Recall that France and England could have stopped Hitler but chose to punt. Just like we are doing.
-- theBuckWheat.
@theBuckWheat --- spot on. When those in possession of deadly weapons tell you they intend to use them to kill you, believe 'em.
There are a lot of unknowns about EMP except the pulse(s) are strong and their rise time is very short. The author claimed "Pyongyang, knowing the moment of the EMP attack, can protect its forces in tunnels and shelters and by turning-off systems."
First, nobody can predict which electronics will get fried and which will not, just as you cannot predict what home electronic gadgets will get fried during a lightning strike. It depends upon, for example, the orientation of the wires with respect to the polarity of the EMP. Some wires will pick up a lot of voltage, while others 90 degrees across will pick up almost none.
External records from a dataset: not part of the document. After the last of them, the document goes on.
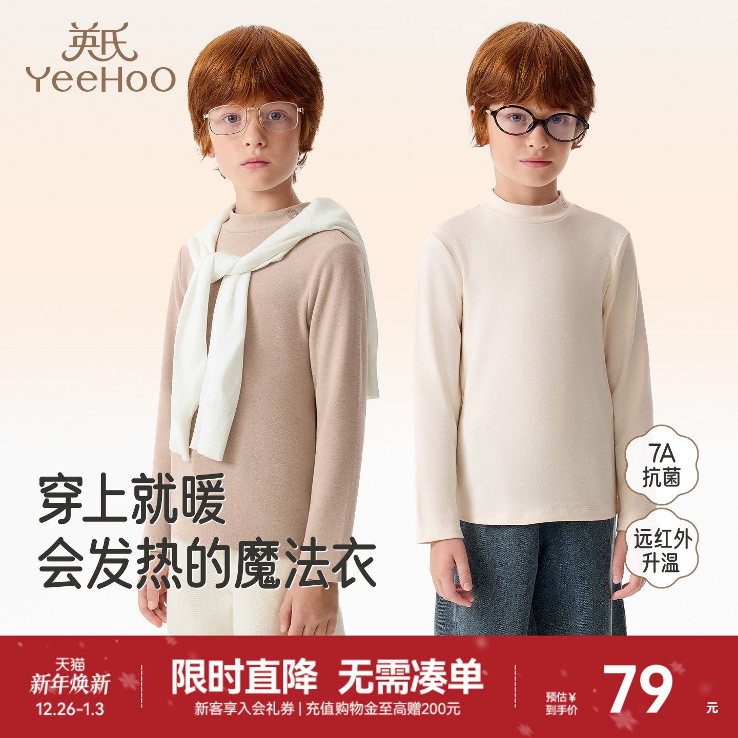 [发热绒]英氏儿童半高领打底衫秋冬t恤长袖男童女童秋衣春秋新款
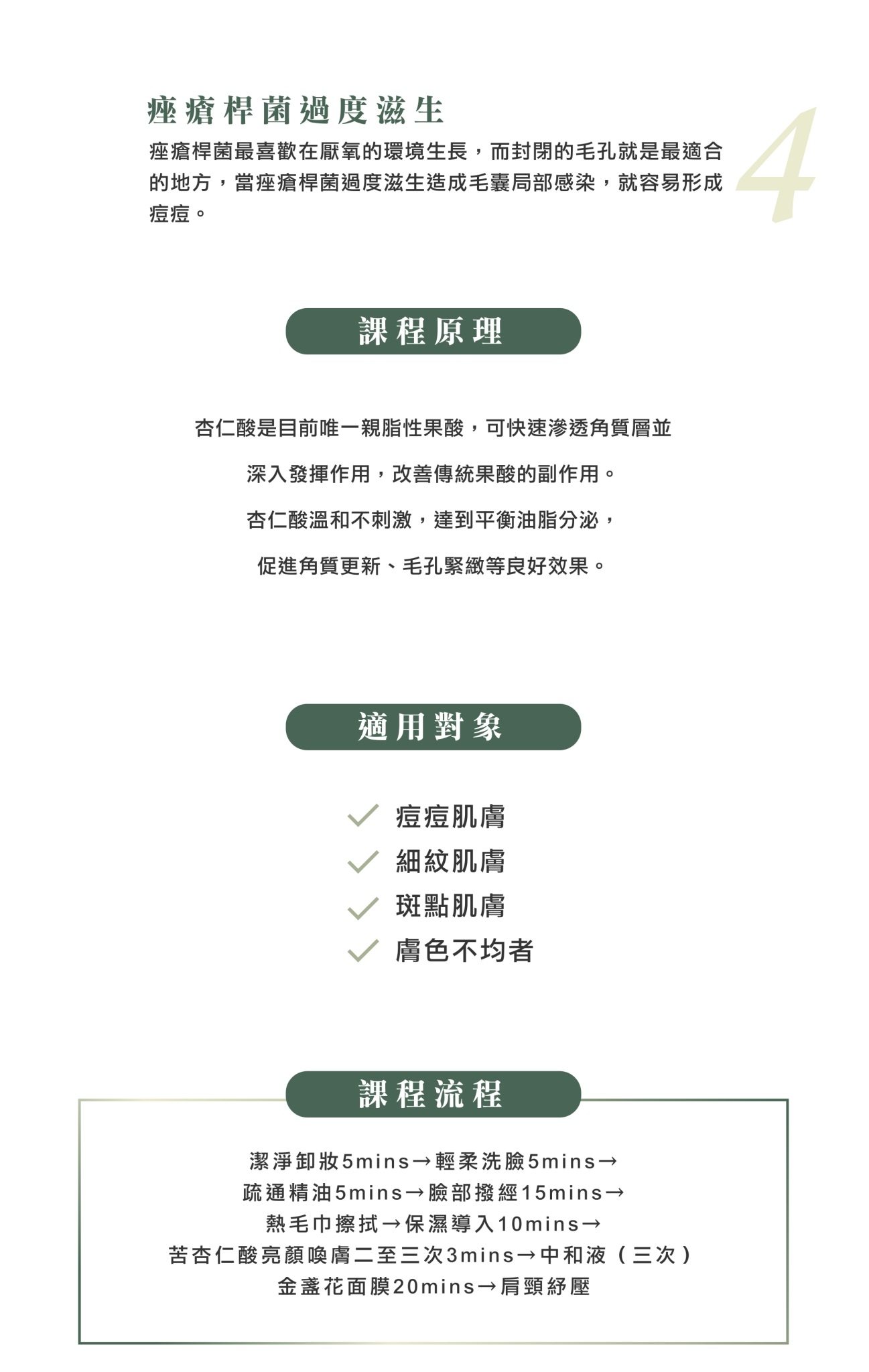 杏仁酸是目前唯一親脂性果酸,可快速滲透角質層並 深入發揮作用,改善傳統果酸的副作用。 杏仁酸溫和不刺激,達到平衡油脂分泌, 促進角質更新、毛孔緊緻等良好效果。 適用對象 √ 痘痘肌膚 √ 細紋肌膚 √ 斑點肌膚 √ 膚色不均者
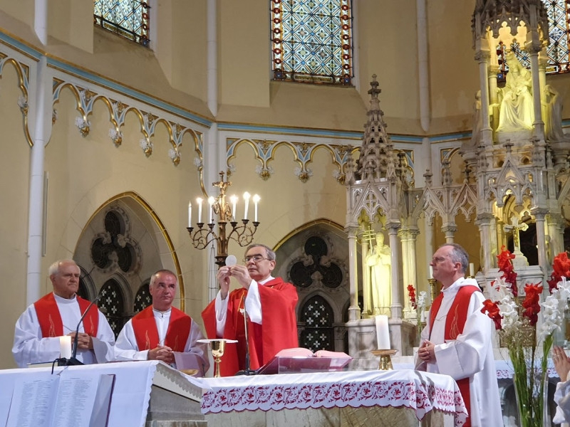 A szentmisén koncelebrált Nagy Károly, a templom plébánosa, valamint Kecskés Attila hatvani és Széles László lőrinci plébánosok a Váci Egyházmegyéből. A plébánia hívein kívül Kocsis Imre családtagjai, hívek a Váci Egyházmegyéből és a Szent Jeromos Bibliatársulat tagjai is részt vettek a szentmisén.
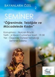 ‘Öğrenimde, Tebliğde, Mücadele Kadın’ konulu semineri Özgür-der İzmir Şube Başkanı Nurcan Büyük sunacaktır.
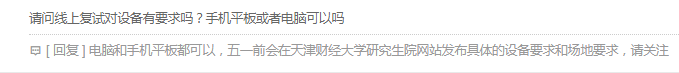 答:電腦和手機平板都可以,五一前會在天津財經大學研究生院網站發布具體的設備要求和場地要求,請關注
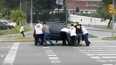 遵守交规!巴西志愿者对抗红灯越线司机
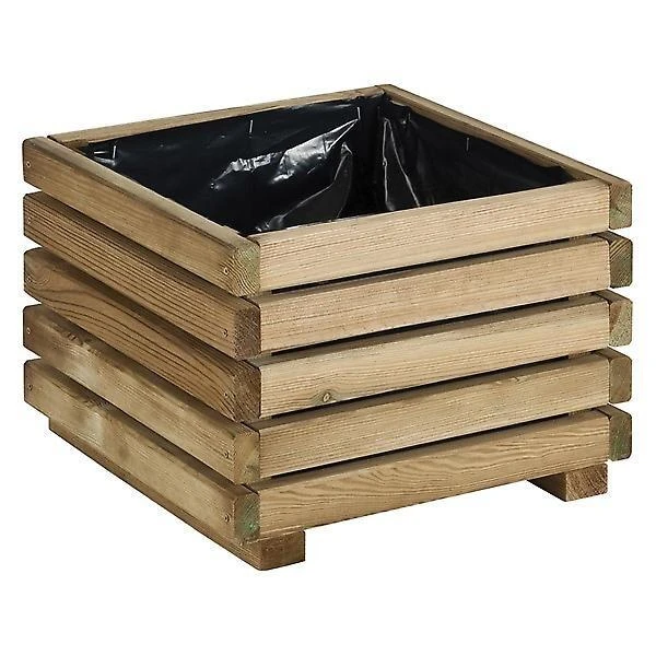Leuke vierkante plantenbak KUB in grenenhout die is samengesteld uit balkjes met een dikte van 25 mm. Deze plantenbak is geschikt voor planten met een maximale hoogte van ca. 70 cm en wordt geleverd met een beschermende plantendoek.
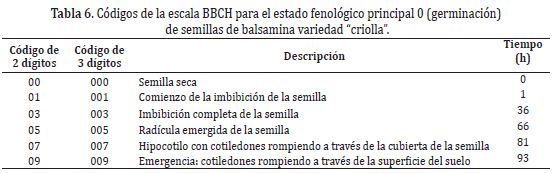 Codificación del estado de germinación. En la Tabla 6 y Figura 4 se muestran los códigos de la escala BBCH asignados al estado fenológico principal 0 (germinación). Se pudo observar que después de sembrar las semillas comenzó la imbibición, que en concordancia con Kanwar et al. (2014) es el primer proceso que debe ocurrir antes de la germinación. Finalizada la imbibición hubo una serie de cambios morfológicos graduales y progresivos en tamaño que explican de acuerdo con Ebert et al. (2014) que el embrión de la semilla reanudó su crecimiento para transformarse en una plántula completa con los siguientes órganos: radícula, hipocotilo y hojas cotiledonales.
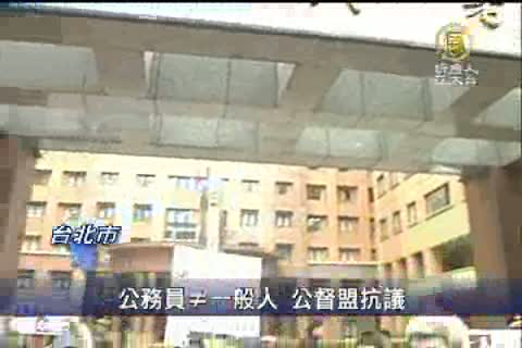 【新唐人亞太台2011年1月10日訊】日前考試院長關中說,「公務人員不等於一般人民」的爭議仍舊餘波盪漾,今天早上公督聯盟到考試院抗議,質疑18%政策拉大社會貧富差距,更是為2012年大選買票。考試院秘書長出面解釋,18%制度是多年的政策,不能影響公務人員與政府的信賴關係。
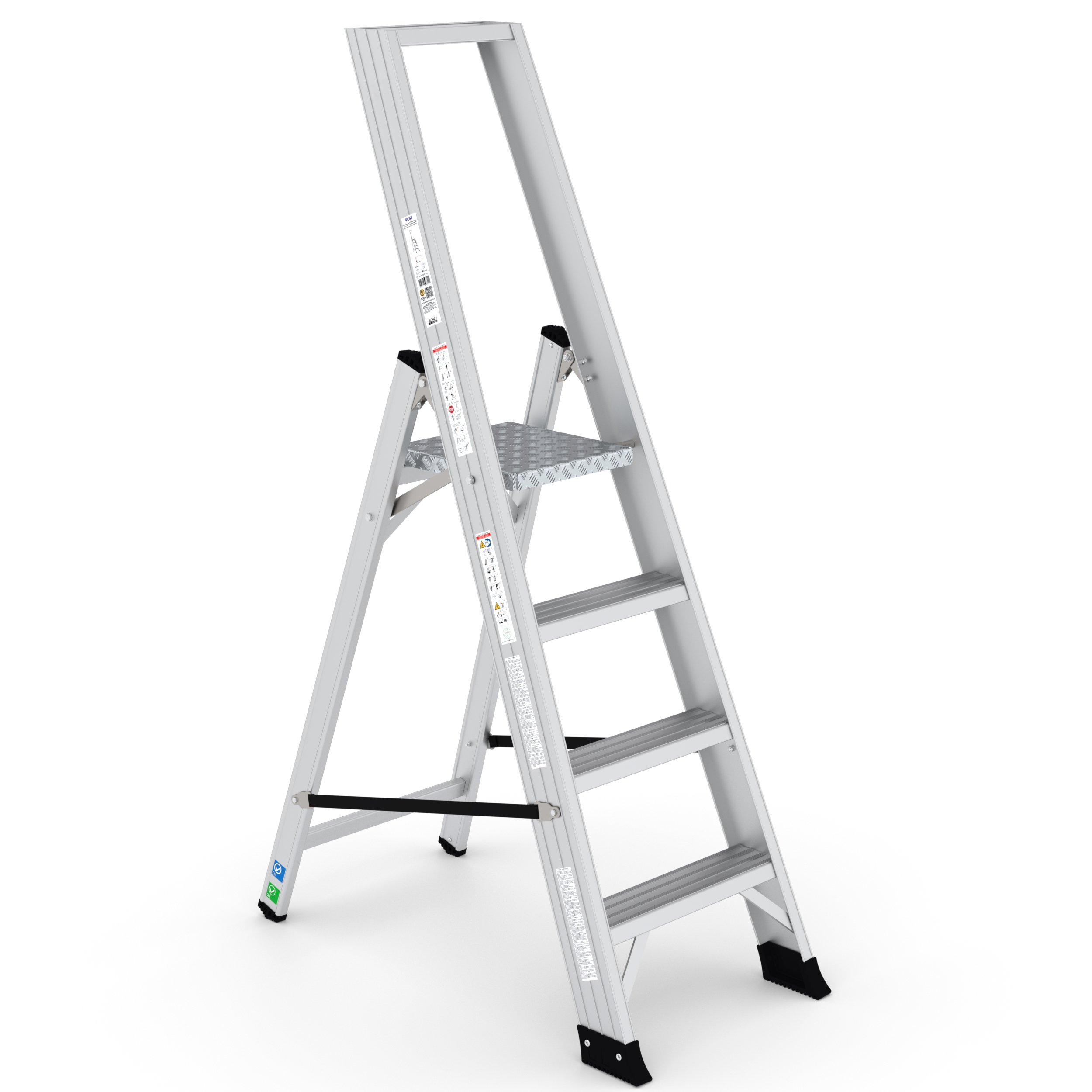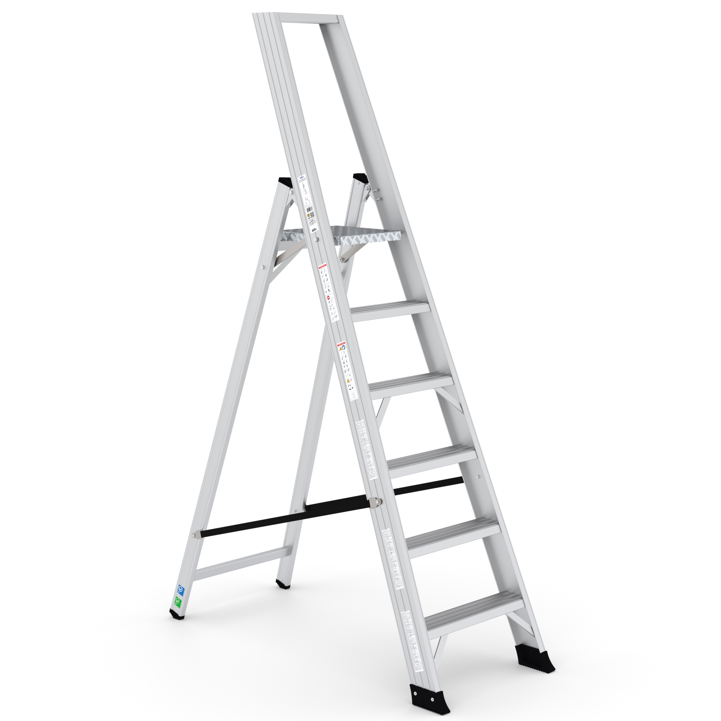 - Handig en draagbaar: Dankzij het handvat neem je de trap eenvoudig mee. De borgingsclip houdt de trapbenen tegen elkaar waardoor deze niet opengaan tijdens het vervoer.

So turning off systems doesn't change a thing. Unplugging them and shielding them will. But even placing electronics underground may not protect them enough.
The damage to be worried about is that our systems today are composed of many components and computer controls. We depend upon a long cascade of systems from the power plant to our home and our stores to keep running.
Here is but one example: The distribution center that restocks your local grocery has massive freezers, each of which have a controller board. But when the manufacturer built 10,000 of these freezers, he also built maybe 1,000 spare controller boards. Now suppose these controllers suffer a 25% failure rate during an EMP. There are literally not anywhere near the replacments to restore full service. A lot of food will be destroyed in just a few days, even assuming enough of UPS and FedEx are running, which is unlikely.
EMP is a really poor weapon simply because nobody can know how much damage it will really do. An EMP attack will disrupt our electrical grid and all the things we depend upon. We just don't know by how much. But it does not take much disruption to cause a lot of havoc and then even to cost lives.